If I try explicitly with TCP, results also vary - sometimes I get all or nearly all the records, ... sometimes I get very much nothing:
$ dig +noall +norecurse +tcp +answer @216.218.130.2 digitalwitness.org. RRSIG
$
(no results at all returned)
And then retrying (seems intermittent), I'll get all (or nearly all) of the records:
$ dig +noall +norecurse +tcp +answer @216.218.130.2 digitalwitness.org.

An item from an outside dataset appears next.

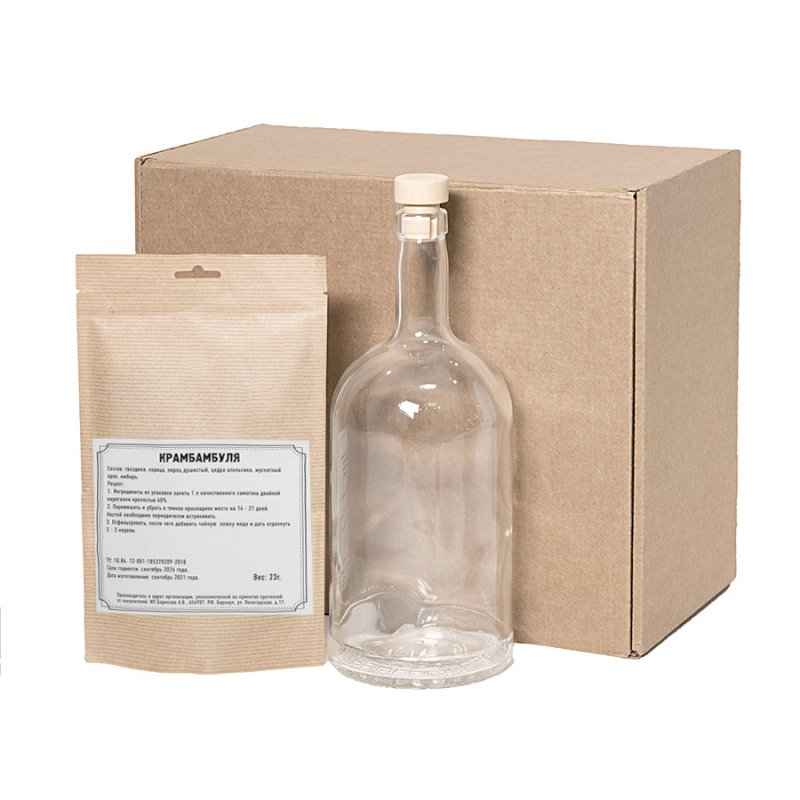 Набор для приготовления 1литра «Крамбамбули». В состав набора входят: - набор трав и специй " Крамбамбуля" (гвоздика, корица, перец душистый, цедра апельсина, мускатный орех, имбирь.),- бутылка 1 л,- пробка Т-образная, - стружка бумажная,-коробка подарочная арт. 34930,размер 30 х 25 х 15 см Настойка появилась в 18 веке в Великом княжестве Литовском на территории современной Беларуси. Считалась напитком знати, поскольку в то время завезенные с Индии специи были очень дорогими.

RRSIG
[very long listing of all or most all the RRSIG records]
Using tracepath shows pmtu of 1500 and no particular issues:
$ tracepath -n -p 53 216.218.130.2
1?: [LOCALHOST]                                         pmtu 1500
1:  198.144.194.233                                     116.810ms
1:  198.144.194.233                                     117.157ms
2:  216.131.94.209                                       50.632ms asymm  3
3:  173.205.60.193                                       45.465ms asymm  4
4:  89.149.129.137                                       46.115ms asymm  5
5:  173.205.54.170                                       46.908ms asymm  9
6:  80.239.167.174                                       45.395ms
7:  184.105.213.65                                       54.517ms
8:  216.218.130.2                                        50.487ms reached
     Resume: pmtu 1500 hops 8 back 8
$
And all appears fine - and consistently fine - when I check against the other he.net NS servers.

So ... where from here?  Are folks seeing similar asymmetries and/or intermittent issues with ns1.he.net. 216.218.130.2 ?

snarked

Note that the dns.he.net web page indicates that DNSSEC implementation is being explored.  Therefore, there is no guarantee that DNSSEC is working with HE's servers.  I don't see any part of your complaint dealing with a non-DNSSEC DNS issue.